JoshRosen commented on code in PR #36775:
URL: https://github.com/apache/spark/pull/36775#discussion_r890727456
##########
sql/core/src/main/scala/org/apache/spark/sql/execution/datasources/FileScanRDD.scala:
##########
@@ -253,6 +253,9 @@ class FileScanRDD(
// Throw FileNotFoundException even if `ignoreCorruptFiles`
is true
case e: FileNotFoundException if !ignoreMissingFiles =>
throw e
case e @ (_: RuntimeException | _: IOException) if
ignoreCorruptFiles =>
+ if (e.getMessage.contains("Filesystem closed")) {
Review Comment:
I agree that checking exception messages isn't the most robust solution.

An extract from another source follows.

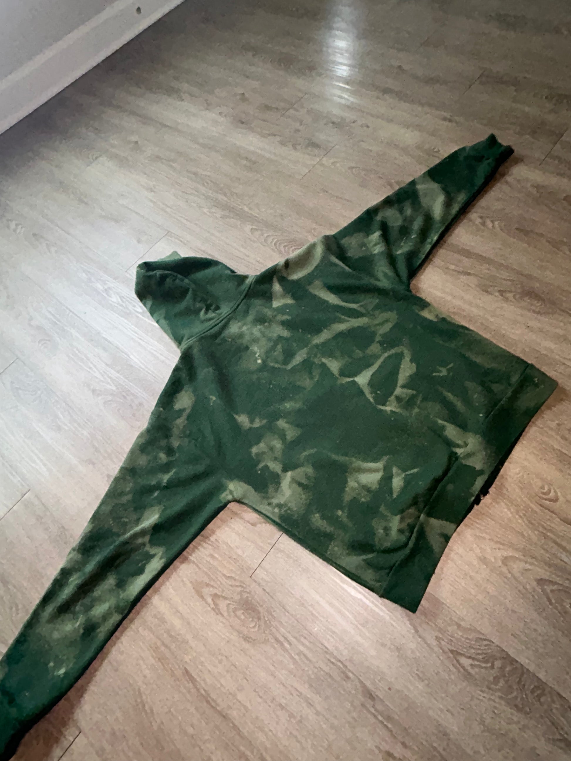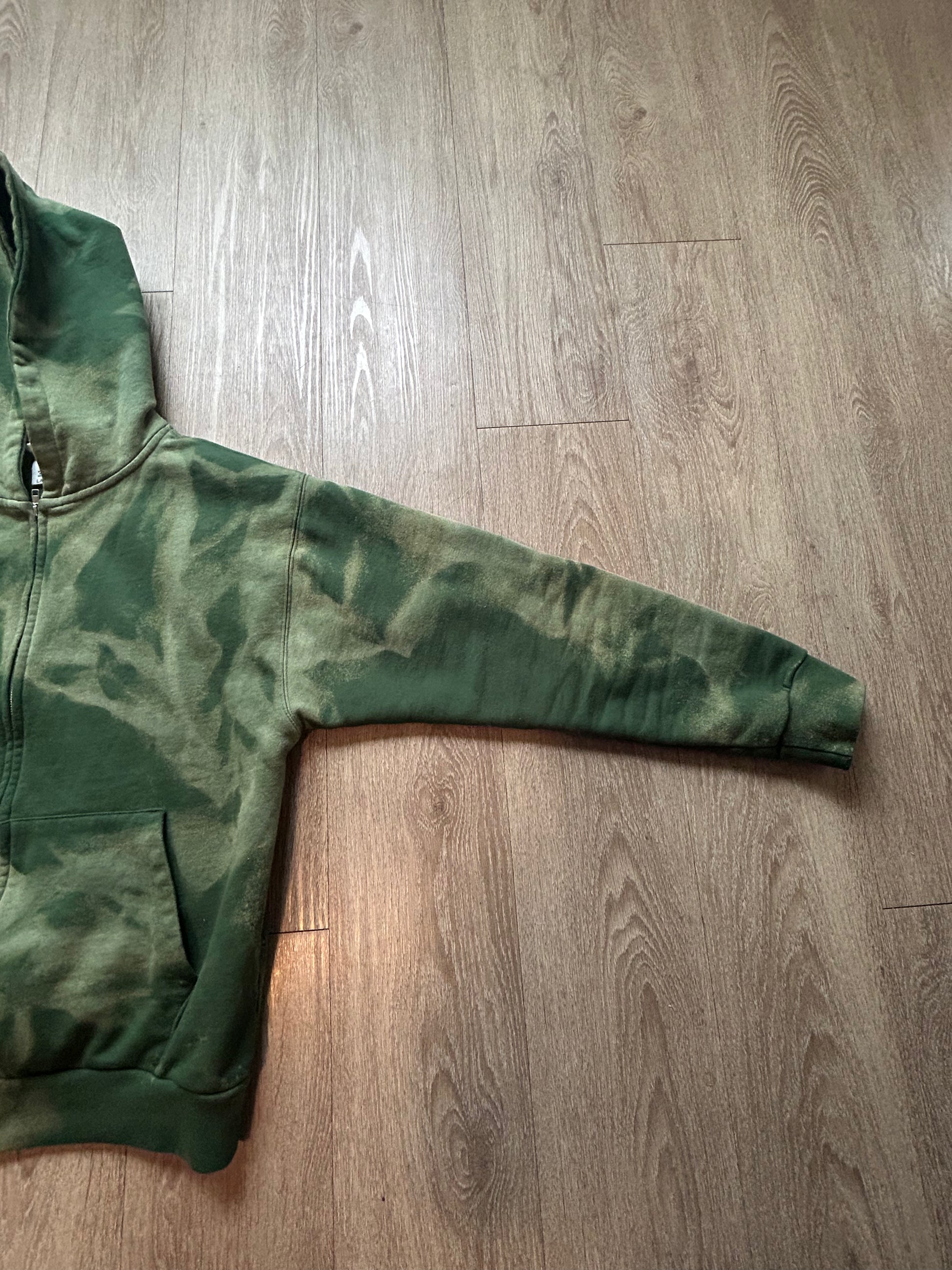 This forest green zip-up hoodie is constructed from a heavyweight 400 GSM fabric using an 80% cotton and 20% polyester blend. Each piece is individually hand-treated, creating natural variations that make every hoodie one of one. The process is done with care and control, preserving the integrity, strength, and wearability of the garment.

Thinking about the risks of exception text matching, I see two potential
classes of problems:
1. _Genuine_ corruption might just-so-happen to produce an exception that
also contains "Filesystem closed", in which case we'd break a user's job.
2. The third-party FileSystem implementation could change its error
messages, which would cause this PR's fix to stop working.
Given the fact that the current code treats essentially _all_ exceptions as
corruption, a potentially-brittle solution which ignores issue (2) and solves
issue (1) _might_ not be a terrible trade-off.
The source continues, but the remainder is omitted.